Location
- 3rd Floor, 1101 - 5 Street Nisku, Alberta, Canada Canada

District information
- Superintendent: Michael Borgfjord
- Chair of the board: Devonna Klaassen
- Schools: 32

Students and staff
- Students: 13,000+
- Teachers: 720
- Staff: 634

Other information
- Website: www.blackgold.ca

= Black Gold Regional Division No. 18 =

School district in Alberta, Canada

Black Gold School Division is a public school authority in Central Alberta, Canada, headquartered in Nisku.

== Size ==
Black Gold School Division (BGSD) is the 7th largest public school division in Alberta with approximately 13,000 students in 32 schools. Formed in 1995, BGSD serves Leduc County, and several municipalities within it, including Beaumont, Calmar, Devon, the city of Leduc, Thorsby, and Warburg.

The division provides education from pre-kindergarten to grade 12, and offers second language instruction, Career and Technology Studies (CTS) programs, as well as specialized support and disabilities services.

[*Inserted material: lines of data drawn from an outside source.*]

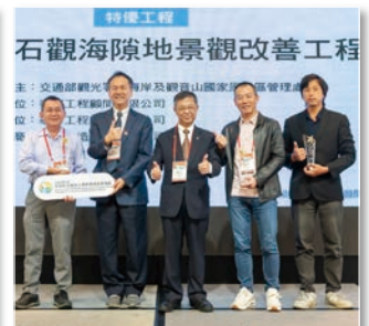
特優 – 金山跳石觀海隙地景觀改善工程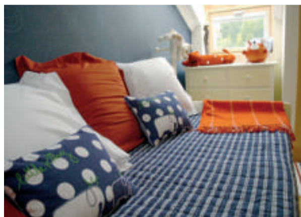
Tejidos coordinados en el cuarto infantil.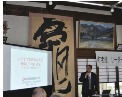
町老人クラブ連合会リーダー研修会で座談会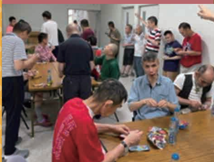
令和4年8月23日 納涼会 第3成人棟内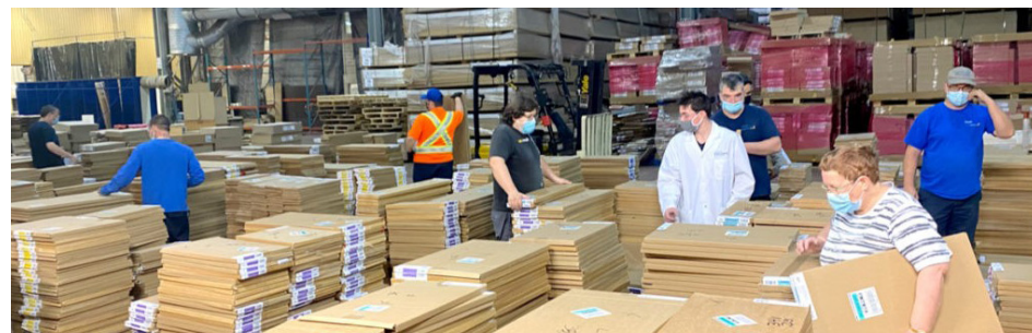
Stagiaires du groupe Probex

En plus de favoriser la participation active des personnes vivant avec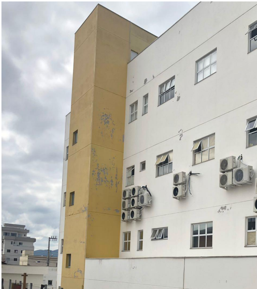
Foto 05: Parede externas amarela ao lado direito do início do guarda-corpo, continuação da parede da foto anterior e também na parede em que se encontra instalados os ar-condicionados.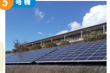
保健福祉ゾーン方面(小瀬町) 2021年11月完成 太陽電池総容量 90.0kW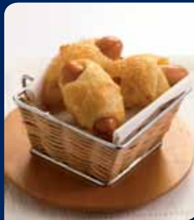
มีนเตมึ่เสิร์ฟร้อน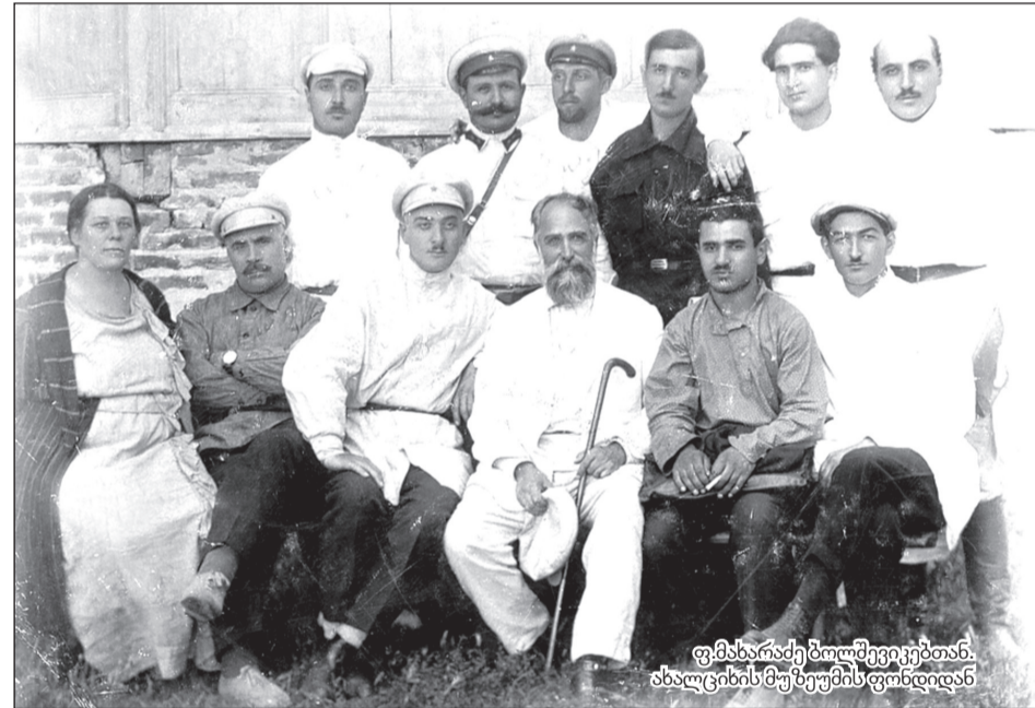
ფ. მახარაძე ბოლშევიკებთან. ახალციხის მუზეუმის ფონდიდან

განაჩენი: თავი ჩამოიხრჩო. ოფიციალური ცნობით, სერგო ორჯონიკიძე გულის დაავადებით გარდაიცვალა. მოგვიანებით გაჩნდა ვერსია იმის თაობაზე, რომ ის აიძულეს, თავი მოეკლა. მესამე ვერსიით სერგო ორჯონიკიძე კევამი ნასროლი ტყვიით გარდაიცვალა საკუთარ ბინაში. ის მოსკოვში, ნიოელ მოედანზე კრემლის კედელთან დაკრალეს. ოფიციალური ცნობით ფილიპე მახარაძე ბუნებრივი სიკვდილით გარდაიცვალა. თუმცა მოგვიანებით გახდა ცნობილი, რომ მან თავი ჩამოიხრჩო.

Approximately 720 teachers and 634 support staff are employed by the division.

== Governance ==
The Board of Trustees of Black Gold School Division is composed of seven trustees, elected as follows, according to Bylaw No. 1-95: one from the Town of Beaumont, one from the town of Devon, two from the city of Leduc, and three from subdivisions of the remainder of Leduc County.

The Board of Trustees provide overall direction and leadership to the School Division, and is accountable for the provision of appropriate educational services and programs to resident students in keeping with the requirements of government legislation and the values of voters.

== French immersion ==
Black Gold School Division offers Early French Immersion in its Beaumont and Leduc schools with the objective of providing full mastery of the English language, functional fluency in French, as well as an understanding and appreciation of Francophone culture (including that of the Franco-Albertans). Early immersion means that students begin their immersion experience in Kindergarten or Grade 1 and continue in the program to Grade 12.